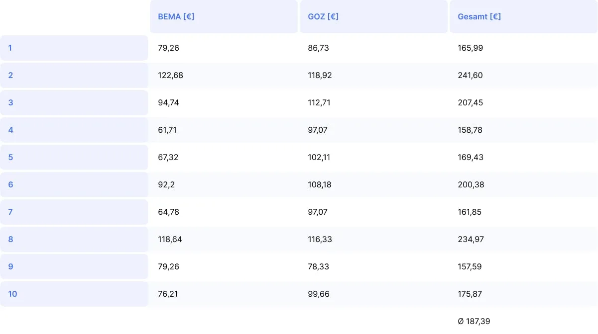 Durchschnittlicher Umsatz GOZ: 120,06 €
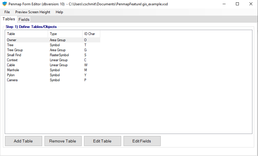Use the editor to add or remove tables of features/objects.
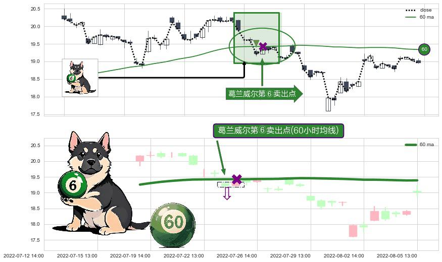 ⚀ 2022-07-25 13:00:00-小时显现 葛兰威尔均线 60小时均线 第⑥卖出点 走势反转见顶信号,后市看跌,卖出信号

...

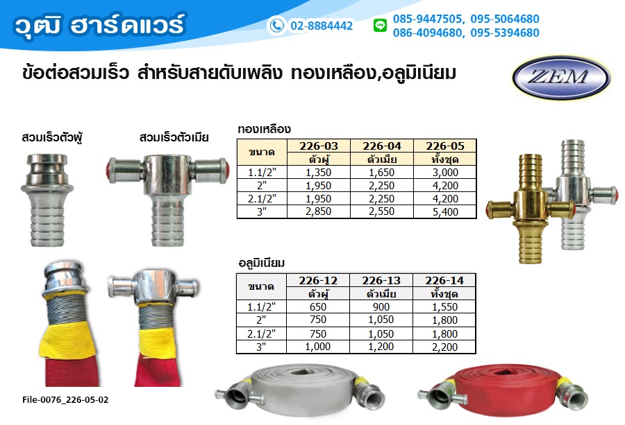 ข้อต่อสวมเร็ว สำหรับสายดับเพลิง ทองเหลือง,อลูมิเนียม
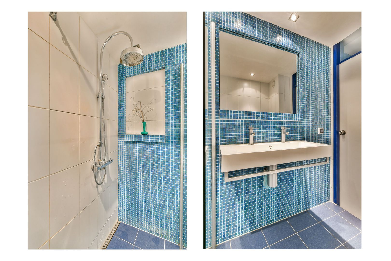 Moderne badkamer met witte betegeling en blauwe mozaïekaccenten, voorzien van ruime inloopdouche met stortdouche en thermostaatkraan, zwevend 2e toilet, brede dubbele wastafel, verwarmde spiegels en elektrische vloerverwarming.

> **WORK INSTRUCTION**
Within the listing above, extract exactly the lines that run from the one containing "Durchschnittlicher Umsatz GOZ: 120,06 €" through the one containing "60小时均线 第⑥卖出点 走势反转见顶信号,后市看跌,卖出信号", excluding any pictures.

> **RESPONSE**
 Durchschnittlicher Umsatz GOZ: 120,06 €
Use the editor to add or remove tables of features/objects.
 ⚀ 2022-07-25 13:00:00-小时显现 葛兰威尔均线 60小时均线 第⑥卖出点 走势反转见顶信号,后市看跌,卖出信号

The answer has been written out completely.